START WORKING DATA

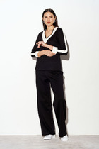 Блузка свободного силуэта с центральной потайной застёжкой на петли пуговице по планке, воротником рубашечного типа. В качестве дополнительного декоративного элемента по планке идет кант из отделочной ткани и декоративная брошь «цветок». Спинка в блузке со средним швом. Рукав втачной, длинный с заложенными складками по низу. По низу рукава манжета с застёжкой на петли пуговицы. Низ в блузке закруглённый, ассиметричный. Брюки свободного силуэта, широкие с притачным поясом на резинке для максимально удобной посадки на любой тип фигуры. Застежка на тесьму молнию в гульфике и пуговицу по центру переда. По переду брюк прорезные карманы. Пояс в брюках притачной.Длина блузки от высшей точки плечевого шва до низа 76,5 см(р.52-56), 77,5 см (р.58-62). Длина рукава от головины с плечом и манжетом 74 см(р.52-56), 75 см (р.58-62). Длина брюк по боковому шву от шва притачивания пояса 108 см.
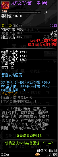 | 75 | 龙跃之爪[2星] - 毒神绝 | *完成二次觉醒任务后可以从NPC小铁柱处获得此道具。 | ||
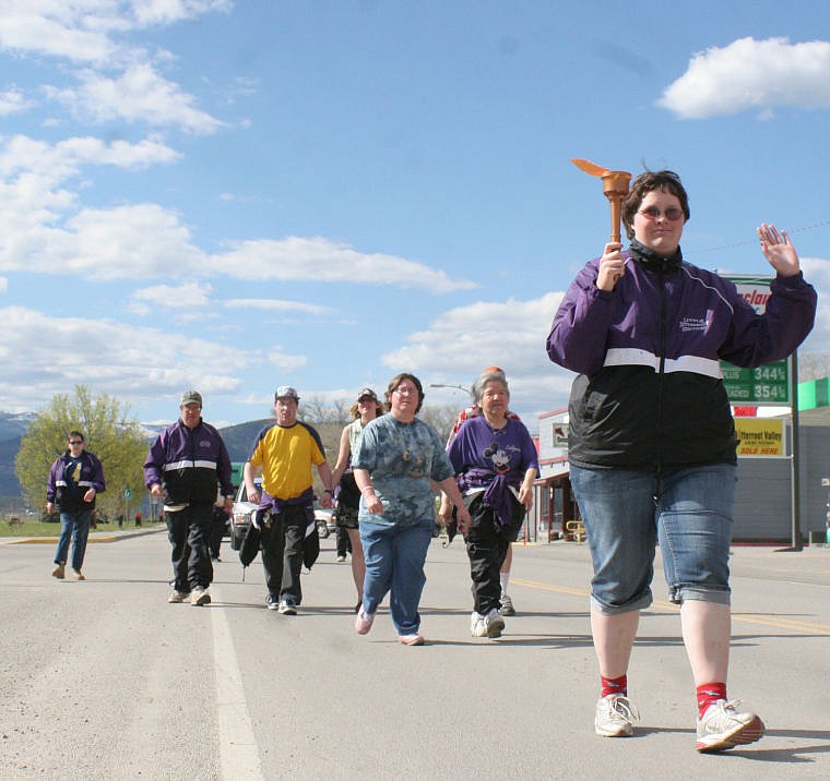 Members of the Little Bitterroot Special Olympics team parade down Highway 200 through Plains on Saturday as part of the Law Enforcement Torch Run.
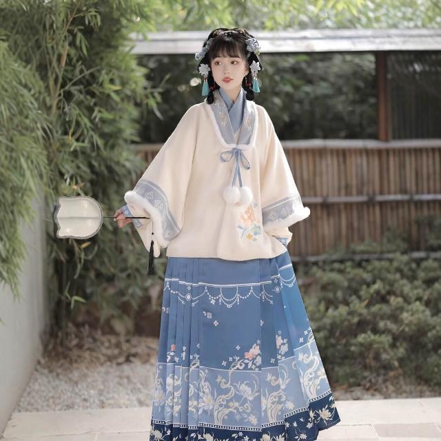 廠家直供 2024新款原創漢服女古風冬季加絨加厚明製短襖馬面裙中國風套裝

END WORKING DATA
START WORKING DATA

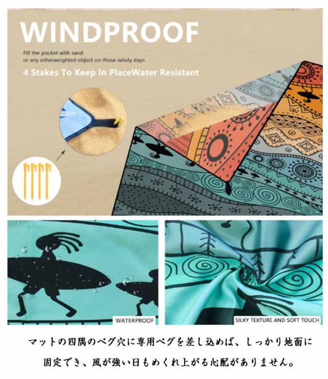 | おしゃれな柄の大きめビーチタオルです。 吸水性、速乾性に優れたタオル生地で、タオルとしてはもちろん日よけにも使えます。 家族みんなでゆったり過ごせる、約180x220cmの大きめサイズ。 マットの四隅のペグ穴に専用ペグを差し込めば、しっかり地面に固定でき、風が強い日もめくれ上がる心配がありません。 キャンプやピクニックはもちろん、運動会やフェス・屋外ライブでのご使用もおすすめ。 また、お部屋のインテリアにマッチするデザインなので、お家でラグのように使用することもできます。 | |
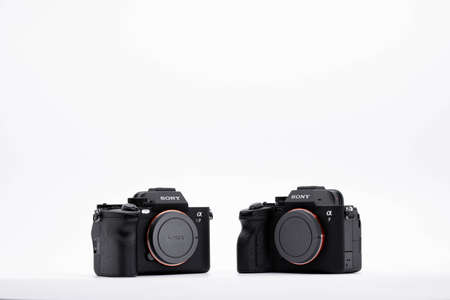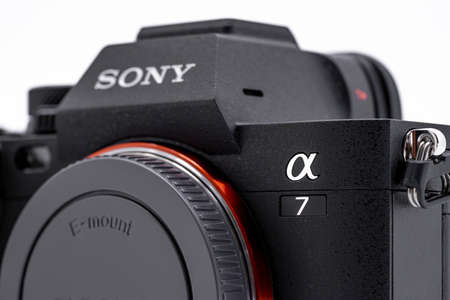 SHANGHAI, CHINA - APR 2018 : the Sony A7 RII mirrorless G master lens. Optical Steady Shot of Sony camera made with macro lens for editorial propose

END WORKING DATA

▸ EXERCISE GOAL
When you reach the line with "また、お部屋のインテリアにマッチするデザインなので、お家でラグのように使用することもできます。 | |" in the records above, begin repeating the lines exactly, and stop after the line with "SHANGHAI, CHINA - APR". Skip all pictures.

▸ YOUR SOLUTION
 | おしゃれな柄の大きめビーチタオルです。 吸水性、速乾性に優れたタオル生地で、タオルとしてはもちろん日よけにも使えます。 家族みんなでゆったり過ごせる、約180x220cmの大きめサイズ。 マットの四隅のペグ穴に専用ペグを差し込めば、しっかり地面に固定でき、風が強い日もめくれ上がる心配がありません。 キャンプやピクニックはもちろん、運動会やフェス・屋外ライブでのご使用もおすすめ。 また、お部屋のインテリアにマッチするデザインなので、お家でラグのように使用することもできます。 | |
 SHANGHAI, CHINA - APR 2018 : the Sony A7 RII mirrorless G master lens. Optical Steady Shot of Sony camera made with macro lens for editorial propose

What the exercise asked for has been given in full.